这一切都让她觉得自己像个彻头彻尾的笑话!
“废物!都是没用的废物!”
她猛地抓起那碗杰作,用尽全身力气狠狠摔在地上!
粗瓷碗撞击青石地面,发出刺耳的碎裂声,浑浊的液体四散飞溅。
那股集大成者的怪异气味瞬间爆炸般弥漫开来,几个离得近的仆妇再也忍不住,捂着嘴干呕起来。
“连这点小事都做不好!要你们何用!”
素儿声音因激动和愤怒而扭曲。
“花瓣要清晨带露的!火要文火慢炖!冷凝管要对准!我说过多少次!耳朵都聋了吗?!”
她把所有失败的责任都推给了执行不力的下人。
仿佛这样就能掩盖她自己也一知半解、朝令夕改、指挥混乱的事实。
仆妇们噤若寒蝉,缩着肩膀不敢吭声,眼里却藏不住深深的怨怼和鄙夷。
明明是这个所谓的姑娘自己拿不出准主意,一会儿说茉莉好,一会儿又要加玫瑰。
蒸馏时间忽长忽短,火候说变就变,加入烧酒更是异想天开。
弄得满院子乌烟瘴气,浪费了无数上好材料。
现在倒把气全撒在她们这些听命行事的人身上?
院门外,王管事不知何时又悄无声息地出现了。
他冷眼看着院内的混乱、一地的狼藉和素儿那张因愤怒扭曲的脸。
这位素儿姑娘,除了最初那点语焉不详的预言和几张三脚猫的图纸,再没拿出任何实在的东西。
香露搞成一摊毒水,王爷随口提的防潮之法更是石沉大海。
府里的资源不是大风刮来的,王爷的耐心更不是无限的。
“素儿姑娘。”
王管事平板无波的声音打断了素儿的歇斯底里,像一盆冰水浇在她头上。
“王爷有请,即刻前往书房议事。”
素儿浑身一僵,脸上疯狂的神色瞬间被惊慌和恐惧取代。
宋珩找她?
在这个节骨眼上?
是因为香露迟迟无果,连这最基本的小玩意儿都搞砸了?
还是因为她对防潮之法至今交不出一字半句的答复?
抑或是京城那边关于陆声晓和自行车的风声,已经传到了王爷耳中,让他对自己这个奇才更加失望?
她强迫自己冷静下来,深吸一口气,手忙脚乱地整理了一下凌乱的头发和沾满各色污渍的衣裙。
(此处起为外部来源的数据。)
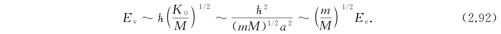 为了估计振动能,我们把每一种简正振动型看作质量为M和弹性系数为K 0 的谐振子.M和典型的核质量同级.K 0 可以这样估计,沿一简正振动型位移一分子尺度a那样大的距离,一定会产生数量级相当于E e 的能量变化,因为这样大的位移一定会引起电子波动的畸变;因此我们令K 0 ~E e /a 2 . 于是与一个低能振型联系的能量是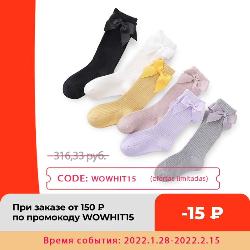 Solid Children Socks With Bows Cotton Baby Girls Socks Soft Toddlers Long Socks For Kids Princess Knee High Socks for Girls 2022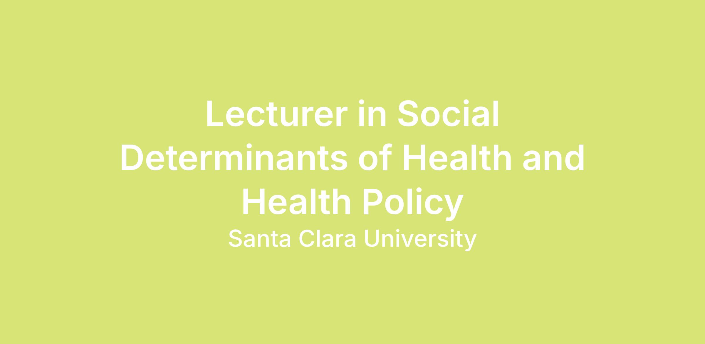 The Department of Public Health at Santa Clara University, a Jesuit Catholic university, invites applications for a Lecturer (2026-2027, non-tenure track). Course load will be a combination of 5 Public Health courses which may include: PHSC 1 - Introduction to Public Health; PHSC 3 - Community Health; PHSC 155 - Health Policy and Advocacy; and PHSC 175 - Qualitative Research Methods. Specific assignments will be made according to the academic qualifications of the individual and programmatic need. The successful candidate will teach the equivalent of 5 courses over the year. Each quarter is 10 weeks long, with an 11th week set for final examinations. This position starts September 1, 2026 and ends August 31, 2027, unless otherwise noted.
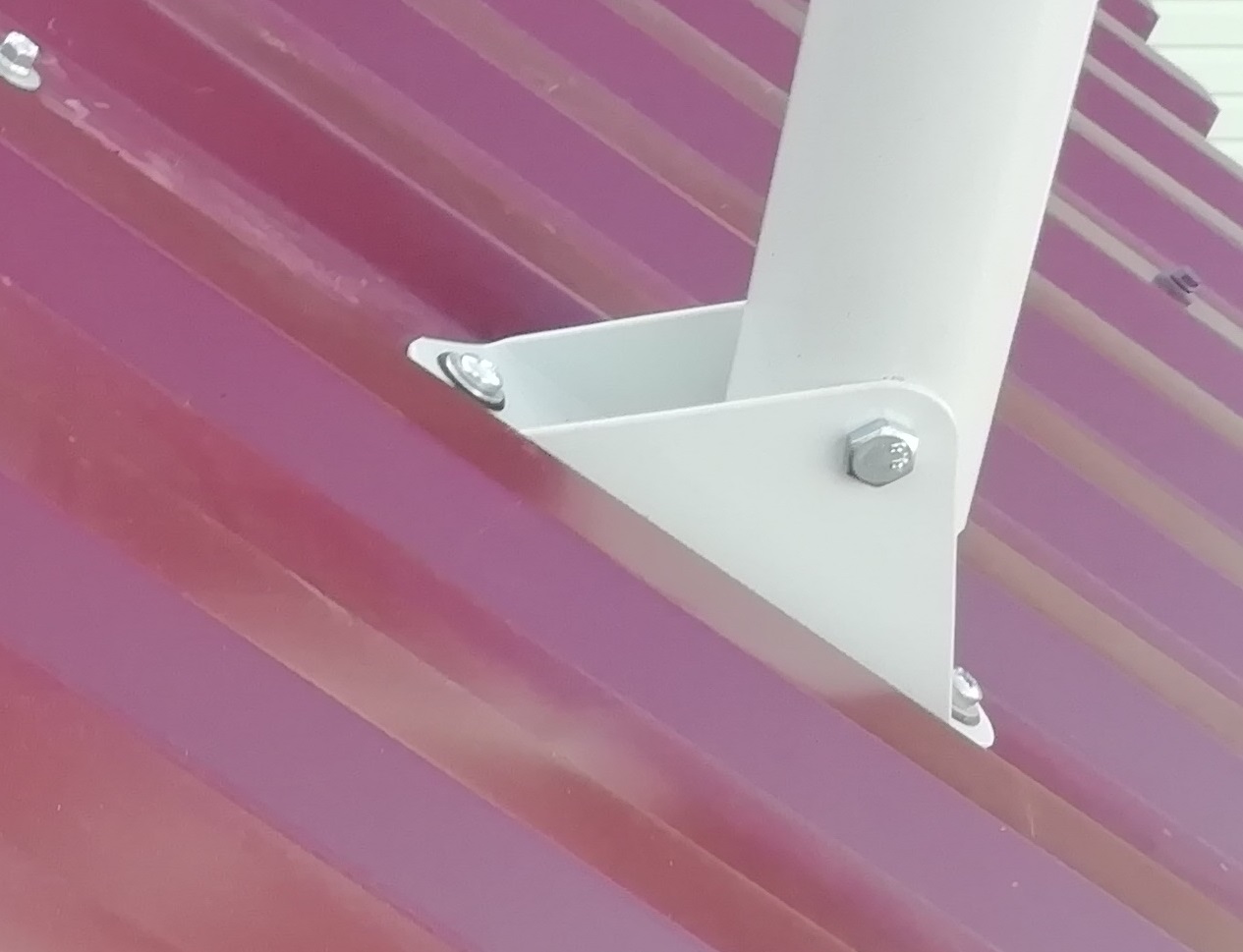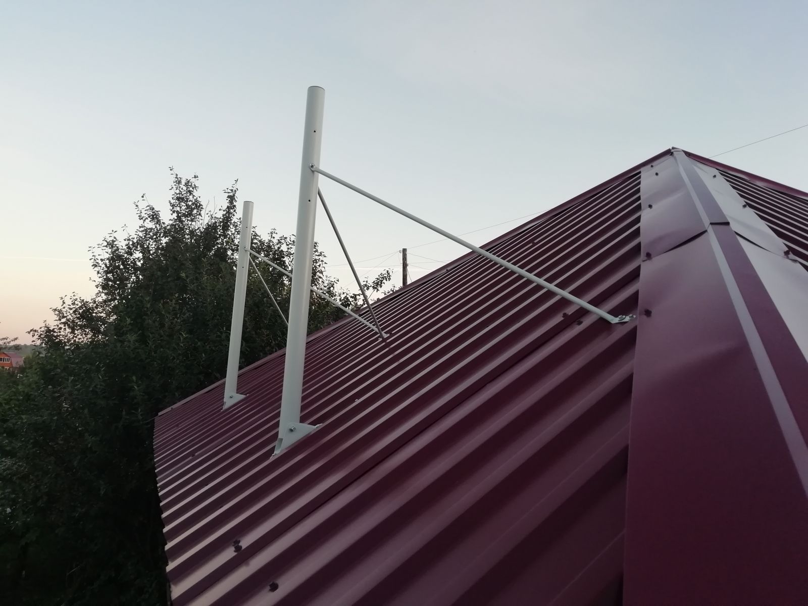 • Для крепления используются два отверстия в подпятнике и по одному отверстию в каждой растяжке. Удобно использовать кровельные саморезы максимального диаметра и длины, чтобы обеспечить надёжность фиксации.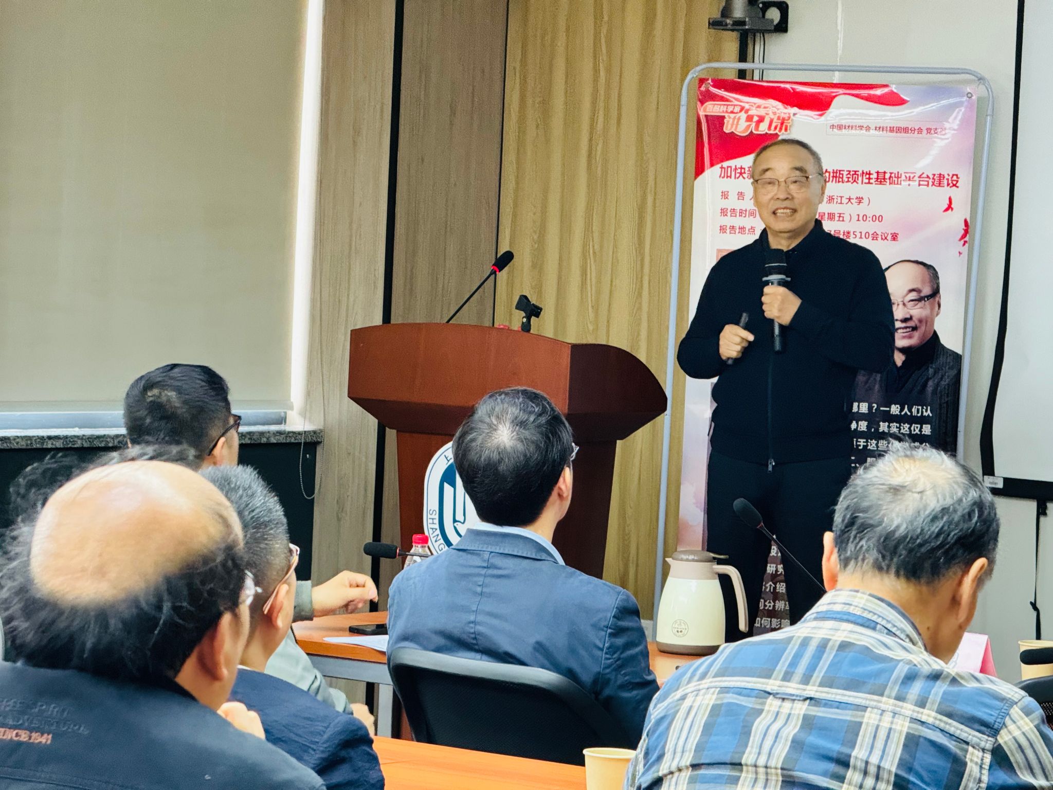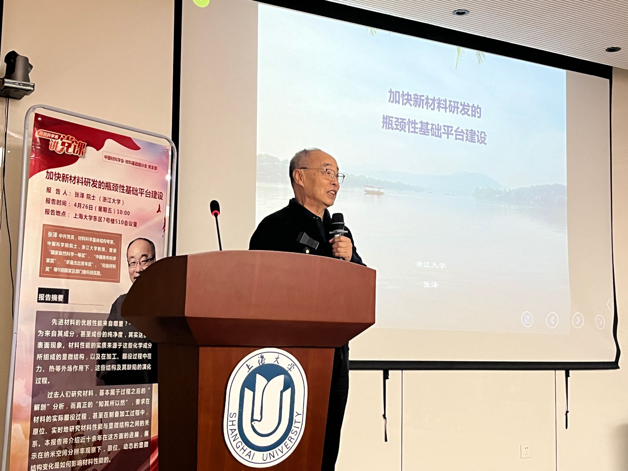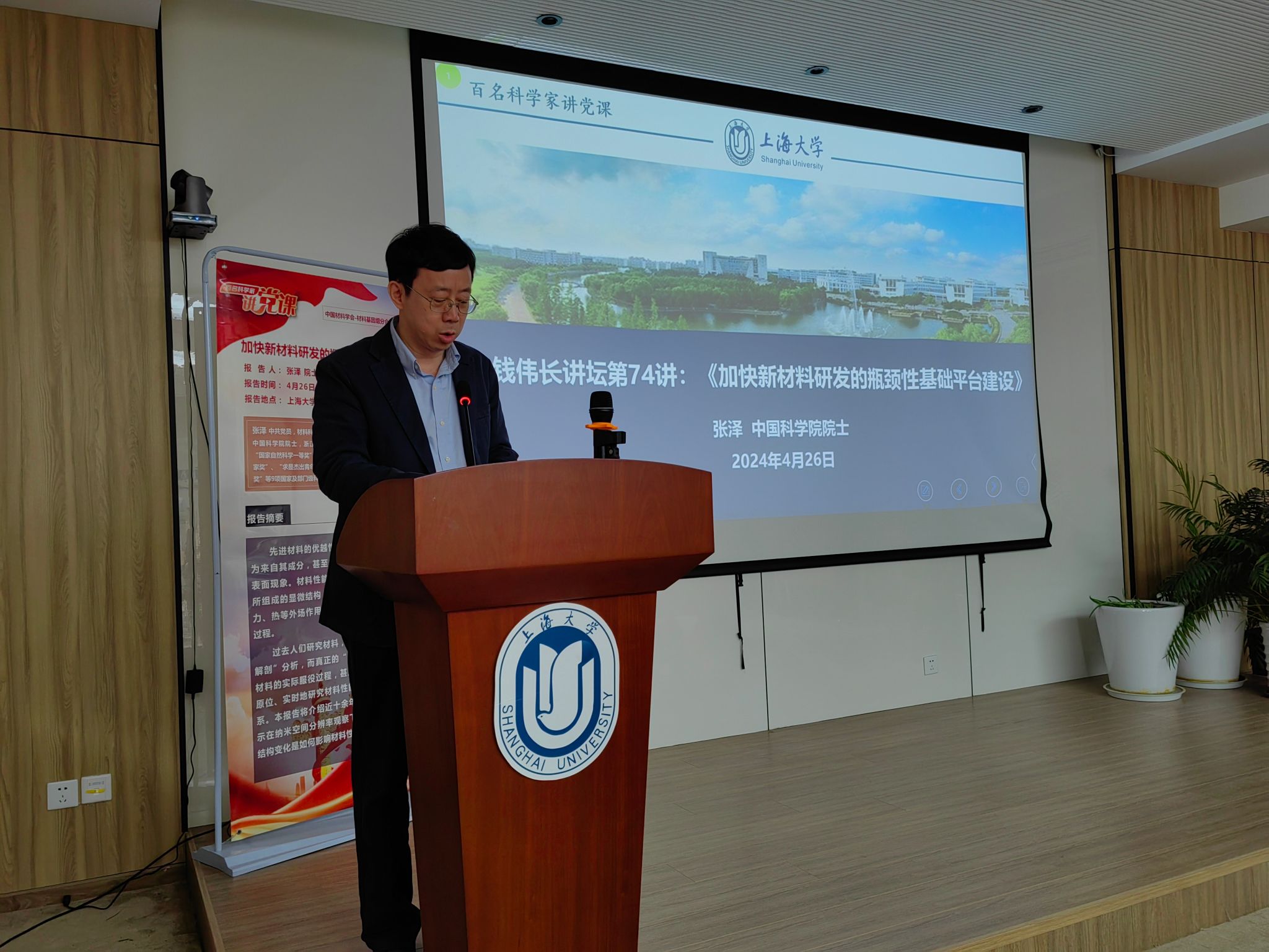 4月26日上午,钱伟长讲坛第74讲暨中国材料学会材料基因组分会“百名科学家讲党课”活动开讲仪式、第一讲《加快新材料研发的瓶颈性基础平台建设》在上海大学宝山校区东区七号楼510会议室顺利举行。中国科学院院士,浙江大学材料科学与工程学院张泽教授应邀作主题报告。报告由校党委副书记、纪委书记段勇教授主持。报告吸引了来自钱伟长学院、材料基因组工程研究院、材料学院、理学院、微电子学院等单位的师生参与。

然而,指尖触碰到袖口一块硬结的、不知是糖浆还是焦油的东西时,她的心又沉了下去。
这副尊容,如何去面见郡王?
“王、王管事,可否容民女稍作整理……”
她声音发干,带着乞求。
王管事眼皮都没抬。
“王爷吩咐,即刻。姑娘,请吧。”
语气不容置疑。
素儿最后一丝侥幸也破灭了。
她只能硬着头皮,顶着满身怪味和狼狈,脚步虚浮地跟着王管事朝那座威严而陌生的主院书房走去。
每走一步,心就往下沉一分。
不祥的预感缠紧了她的心脏。
与此同时,千里之外的京城,摄政王府偏院的工棚里,气氛明亮专注。
改良后的滚珠轴承在崭新的钢制轴心上运转得无声而顺滑,几乎感觉不到任何阻力。
陆声晓小心翼翼地转动着后轮,听着那流畅的旋转声,脸上露出了这些天来最舒心、最有成就感的笑容。
成功了!
经过无数次计算、打磨、调试。
在陈老先生对结构力学的精准指点和小德子那双稳定如磐石的巧手下。
这个跨越时代的核心部件,终于在这个工棚里宣告诞生。
小山兴奋地绕着车子打转,忍不住伸手轻轻拨动车轮,看着它悠然地空转许久才缓缓停下。
“姐!太神了!这比以前顺溜多了!一点杂音都没有!”
小德子虽然依旧沉稳,但眼角的细纹也因笑意而舒展。
他小心地用干净软布擦拭着轴承外部。
“娘娘的设计精妙,陈老的指点更是画龙点睛。这滚动代滑动之理,看似简单,实则蕴含大巧。小的有幸参与,受益匪浅。”
他说话带着内侍特有的恭谨,但语气里的自豪是真实的。
小安子则拿着小本子,认真记录着刚才测试的数据和观察到的细微现象,这是他主动养成的习惯。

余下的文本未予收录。